Notice I also used the function title
to add descriptive text (in this case the main title) to the plot after the plot was already created. It takes the standard arguments that plot
does (main
, xlab
, ylab
), but can be used after the plot has already been created. It's more of a preference whether you separate it into another command, or put it in the original plotting command. Here I've actually put some arguments in the first plotting command (xlab
and ylab
) and some separately.
Here I make some simulated data from the “gamma” distribution in order to create skewed data and show the effect of the log transformation. In the case of the gamma distribution, the scale
and shape
are parameters of the distribution.
y<-rgamma(10000,scale=1,shape=0.1)
Note I first plot the histogram of the original y and then the histogram of the the log-transformed y. I use the par(mfrow=c(1,2))
to draw them side-by-side as a 1x2 grid
par(mfrow=c(1,2))
hist(y,main="Original data",xlab="original scale",breaks=50)
hist(log(y),main="Log of data",xlab="log-scale",breaks=50)
Now I will do a transformation of our flight delay data. Since I can't take the log (because I have negative values as well as 0's) I will add a little bit to each value before I take the log or square-root. This may not be the most brillant thing to do, frankly.
I decided to choose how much to add by finding the minimum value, taking the absolute value, and adding 1. Notice how I use na.rm=TRUE
when I take the minimum. Otherwise the minimum where there are NA's is NA. na.rm=TRUE
means to remove the NAs before taking the minimum.

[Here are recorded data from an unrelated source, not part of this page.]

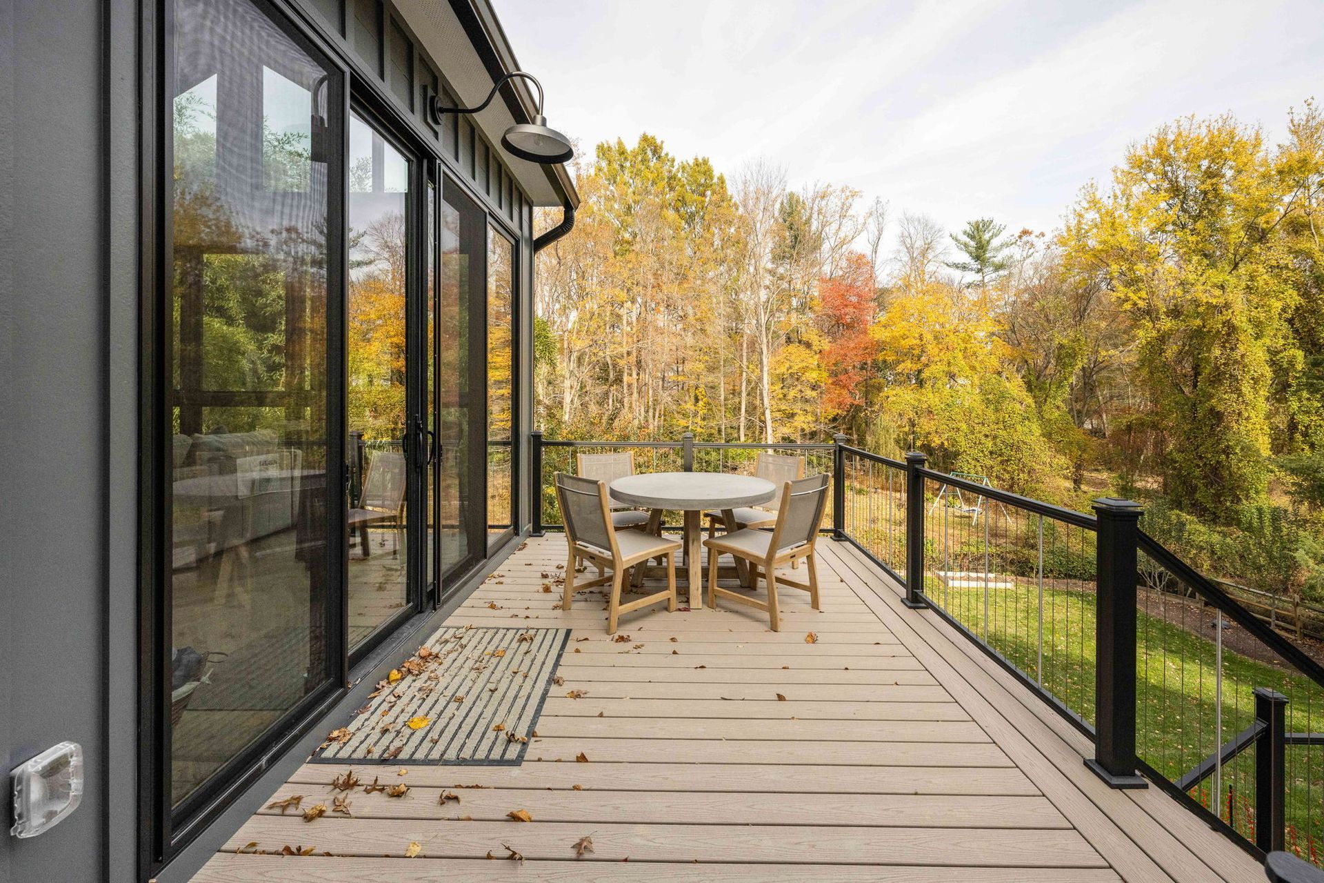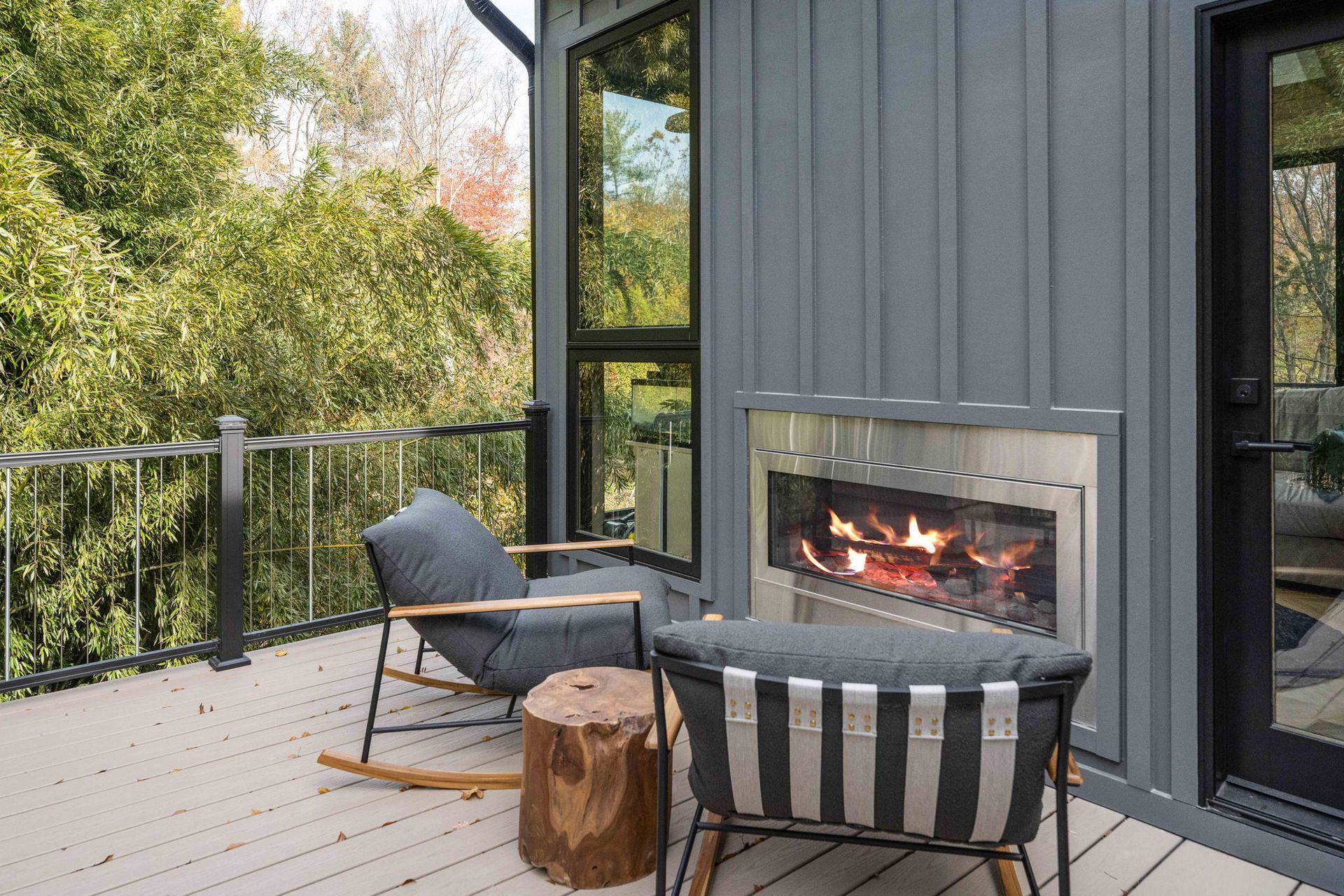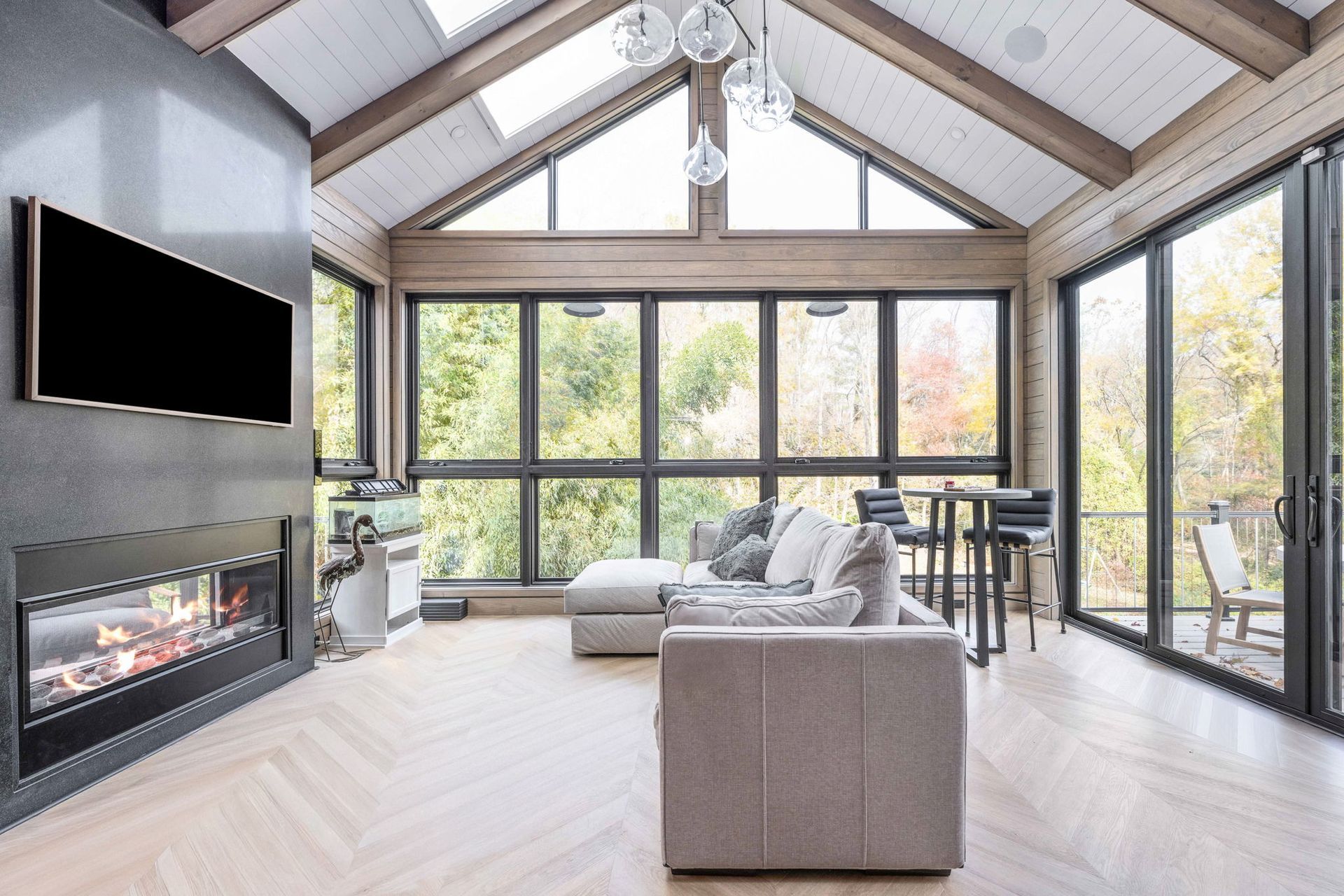 We absolutely love how this four seasons addition turned out! Our homeowners in Annandale wanted a stylish, contemporary indoor outdoor space for relaxing and entertaining. From the floor to ceiling window, beamed cathedral ceiling, double-sided slate fireplace and Trex deck with cable railing, the space turned out beautifully.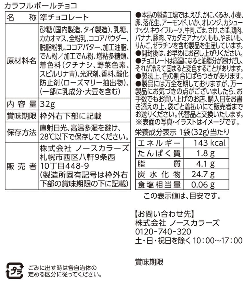 [24個]ノースカラーズ カラフルボールチョコ 32g | カリッと食感が楽しいカラフルチョコ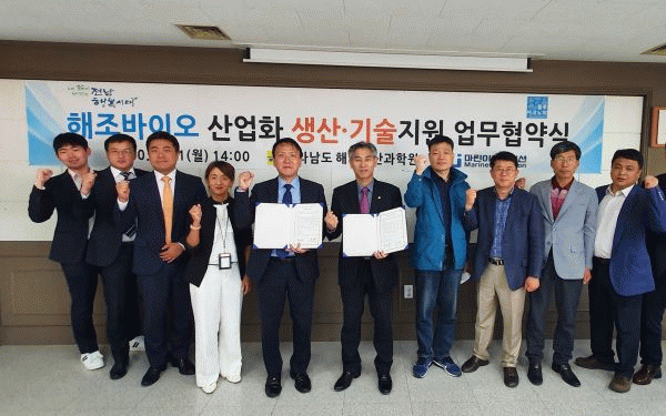 [¹Ìµð¾îÀü³² Á¦°¥´ëÁ¾ ±âÀÚ] Àü³²Çؾç¼ö»ê°úÇпøÀº 11ÀÏ ¢ß¸¶¸°À̳뺣À̼ǰú ¡®ÇØÁ¶¹ÙÀÌ¿À »ê¾÷È¡¯¸¦ À§ÇÑ ¾÷¹«Çù¾àÀ» ü°á, °íºÎ°¡°¡Ä¡ âÃâ·Î ¾î¾÷ÀÎ ¼ÒµæÁõ´ë¿¡ ³ª¼±´Ù. ¢ß¸¶¸°À̳뺣À̼ÇÀº ÇØÁ¶·ù¸¦ ÀÌ¿ëÇÑ ½Äǰ°ú ģȯ°æ Æ÷ÀåÀç µî¡¦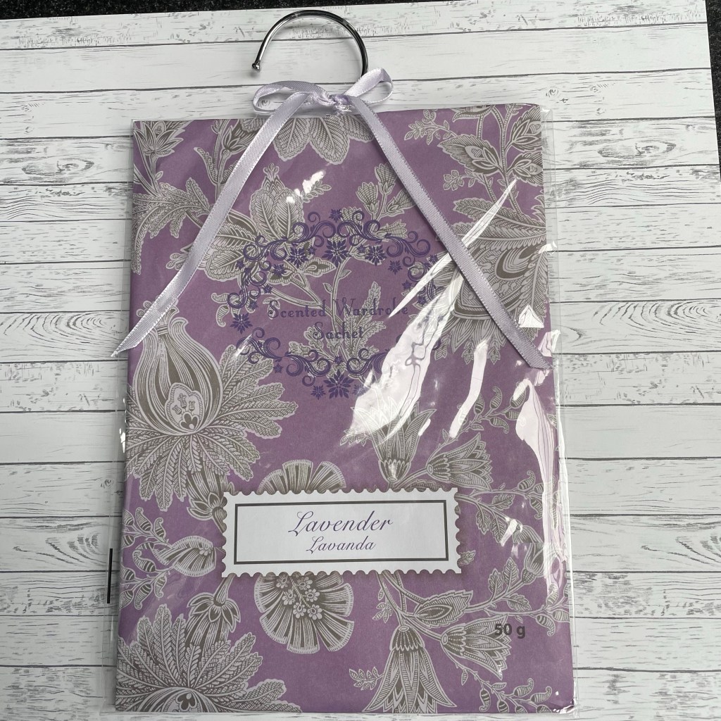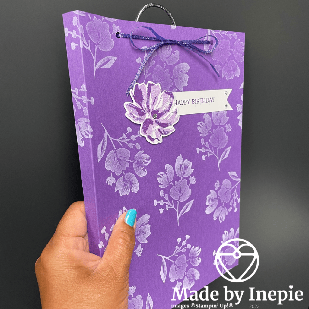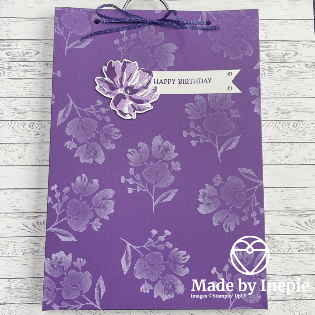 Ik had dit leuke geurzakje gekocht en wilde hier een verpakking om heen maken. Ik heb 2 vellen A4 cardstock gebruikt in de kleur Gorgeous Grape. Daar heb ik eerst met witte Craft inkt opgestempeld. Ik gebruikte de mooie bloemen uit de Art Gallery stempelset. Ik heb het zakje opgemeten en aan drie kanten van beide A4 vellen op 1,5 cm gerild. En ze op elkaar geplakt als een hoesje. Ik vond het leuk als het hangertje wat uitstak en heb dus van de bovenkant nog een randje afgesneden.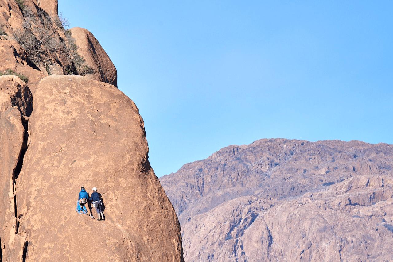 Der Fotograf springt auf, läuft den beiden Menschen hinterher bis diese endlich ihren Marsch nach Hause unterbrechen und sich umdrehen. Etwas erstaunt blickt der Fotograf in die Gesichter von zwei jungen Frauen und fragt etwas verdaddert ob die beiden wohl vorhin den Fels bestiegen hätten? Ja, das waren wir, so die Antwort. OK, wollt ihr die Fotos haben? Aber heute nicht mehr. Morgen? Ja, klar wir kommen vorbei!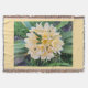 A quality printed throw has its advantages. This is a much finer weave throw than its loopier cousins, and though lighter, it is worth the investment for custom room accessorizing. The back is much prettier than the typical brown, and the fringe on the long sides very vivid, the selvage nicely done. Before photographing, I washed the throw in cold water, delicate, with a thicker woven throw the same size. On tumble dry low, this throw was dry in half the time as the other. This is a very practical quality if you use throws for furniture covers or to wrap up in frequently. The sleekness of the fabric makes it a great layer for accenting or protecting without the feeling of sitting on too much stuff. Perfect for napping or when you feel a light chill coming on. The color printing is beautiful and on this fabric, matched the design and color of my Photoshop image. This is an advantage for blending room fabrics and colors. The fringe on the short sides prints the colors from the design image and therefore varies from the side fringe. I streaked a white fractal line through the plaid pattern to give the illusion of weaving. This printed as crisp as an illusory thread, and put some white in the short side fringe, showing another advantage of print vs loomed- for artistic purposes, line lines, detail, and color integrity can be planned and preserved. My loomed throws have color limitations and more of a needlepoint texture. Print throws reproduce an exact image. The throw felt a little stiff straight out of the package, but this went away in the first delicate wash. Of course I searched the wash water for ink or bleeding and there was none.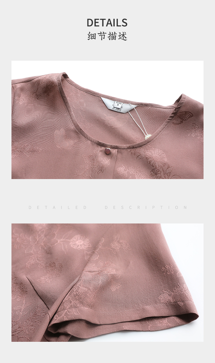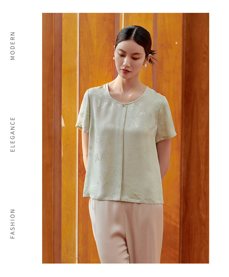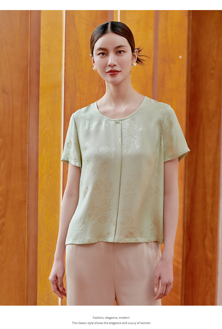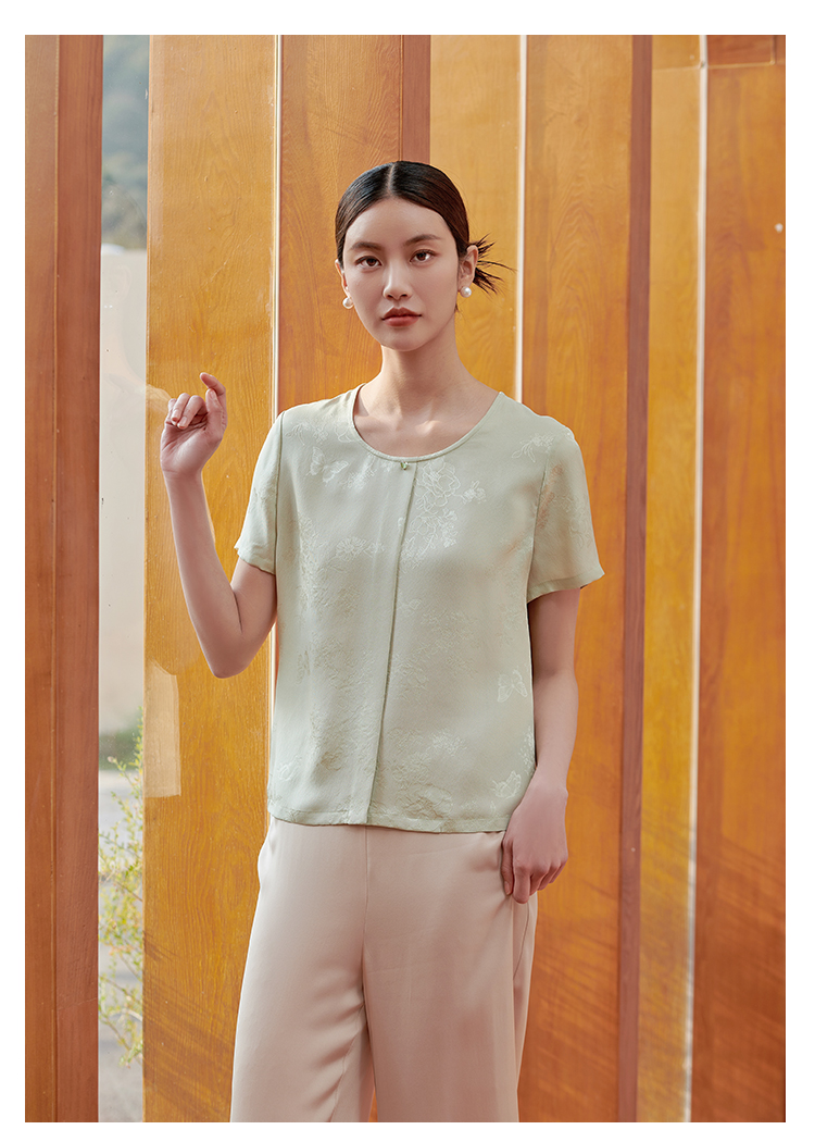 佐尔美 气质简约新中式桑蚕丝短袖衬衣女M42CS37
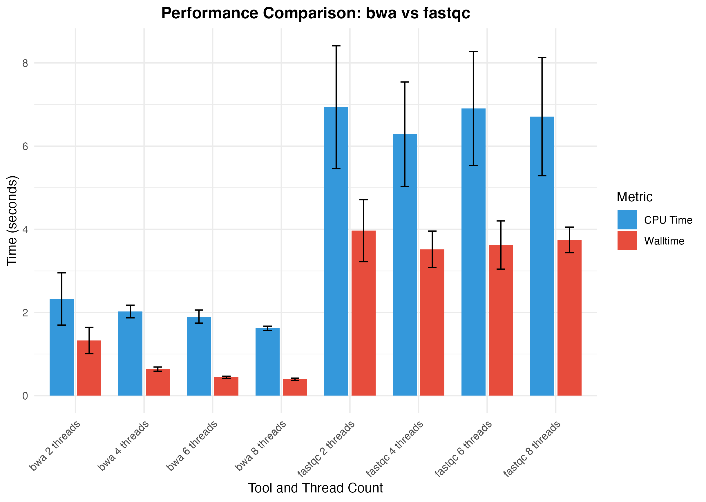 Recall this bar chart from Lesson 1.4, where we observed that BWA executes faster when assigned more cores but FastQC walltime remains constant.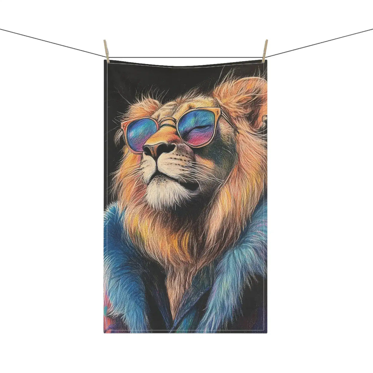 Neon King Vibrant Lion Cotton Kitchen Towel

addValue<-abs(min(flightSF$DepDelay,na.rm=TRUE))+1
Having done that, I will now add that amount the departure delay, and plot the histogram of this value as well as the log and square-root transformations of the data.
par(mfrow=c(3,1))
boxplot(flightSF$DepDelay+addValue~flightSF$Carrier,main="Departure Delay, original", ylab="Time")
boxplot(log(flightSF$DepDelay+addValue)~flightSF$Carrier,main="Departure Delay, log transformed", ylab=paste("log(Time+",addValue,")"))
boxplot(sqrt(flightSF$DepDelay+addValue)~flightSF$Carrier,main="Departure Delay, sqrt-transformed", ylab=paste("sqrt(Time+",addValue,")"))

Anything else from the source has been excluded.